PROVIDED MATERIAL>

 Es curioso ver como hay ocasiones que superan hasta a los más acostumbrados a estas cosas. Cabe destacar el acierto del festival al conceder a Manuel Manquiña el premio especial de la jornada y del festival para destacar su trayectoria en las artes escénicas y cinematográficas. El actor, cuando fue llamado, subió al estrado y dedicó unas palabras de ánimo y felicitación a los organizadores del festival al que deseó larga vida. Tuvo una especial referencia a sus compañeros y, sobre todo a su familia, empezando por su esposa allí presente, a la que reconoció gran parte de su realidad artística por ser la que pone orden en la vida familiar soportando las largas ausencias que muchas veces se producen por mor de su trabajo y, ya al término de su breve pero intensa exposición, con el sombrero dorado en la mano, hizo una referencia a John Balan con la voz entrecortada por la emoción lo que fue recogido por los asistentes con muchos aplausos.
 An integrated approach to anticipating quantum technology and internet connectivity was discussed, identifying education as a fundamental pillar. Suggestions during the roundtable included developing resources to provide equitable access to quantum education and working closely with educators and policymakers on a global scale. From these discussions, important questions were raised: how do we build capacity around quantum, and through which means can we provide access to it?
---
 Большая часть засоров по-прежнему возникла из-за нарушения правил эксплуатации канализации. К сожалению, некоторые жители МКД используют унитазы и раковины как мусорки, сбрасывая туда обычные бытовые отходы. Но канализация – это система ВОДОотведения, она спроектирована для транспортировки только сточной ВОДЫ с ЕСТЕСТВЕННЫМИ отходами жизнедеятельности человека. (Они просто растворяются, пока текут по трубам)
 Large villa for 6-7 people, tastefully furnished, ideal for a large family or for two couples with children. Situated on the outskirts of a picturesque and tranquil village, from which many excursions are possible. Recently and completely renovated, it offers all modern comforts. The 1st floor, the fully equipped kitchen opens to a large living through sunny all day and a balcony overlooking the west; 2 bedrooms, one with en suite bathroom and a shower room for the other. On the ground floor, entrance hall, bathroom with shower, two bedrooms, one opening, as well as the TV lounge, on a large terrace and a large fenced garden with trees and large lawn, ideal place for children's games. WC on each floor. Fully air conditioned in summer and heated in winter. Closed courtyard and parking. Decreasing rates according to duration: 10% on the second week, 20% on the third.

WHAT YOU HAVE TO DO> Where a line in the records above contains the string "which", return that line.

ANSWER TO THE EXERCISE>
 An integrated approach to anticipating quantum technology and internet connectivity was discussed, identifying education as a fundamental pillar. Suggestions during the roundtable included developing resources to provide equitable access to quantum education and working closely with educators and policymakers on a global scale. From these discussions, important questions were raised: how do we build capacity around quantum, and through which means can we provide access to it?
 Large villa for 6-7 people, tastefully furnished, ideal for a large family or for two couples with children. Situated on the outskirts of a picturesque and tranquil village, from which many excursions are possible. Recently and completely renovated, it offers all modern comforts. The 1st floor, the fully equipped kitchen opens to a large living through sunny all day and a balcony overlooking the west; 2 bedrooms, one with en suite bathroom and a shower room for the other. On the ground floor, entrance hall, bathroom with shower, two bedrooms, one opening, as well as the TV lounge, on a large terrace and a large fenced garden with trees and large lawn, ideal place for children's games. WC on each floor. Fully air conditioned in summer and heated in winter. Closed courtyard and parking. Decreasing rates according to duration: 10% on the second week, 20% on the third.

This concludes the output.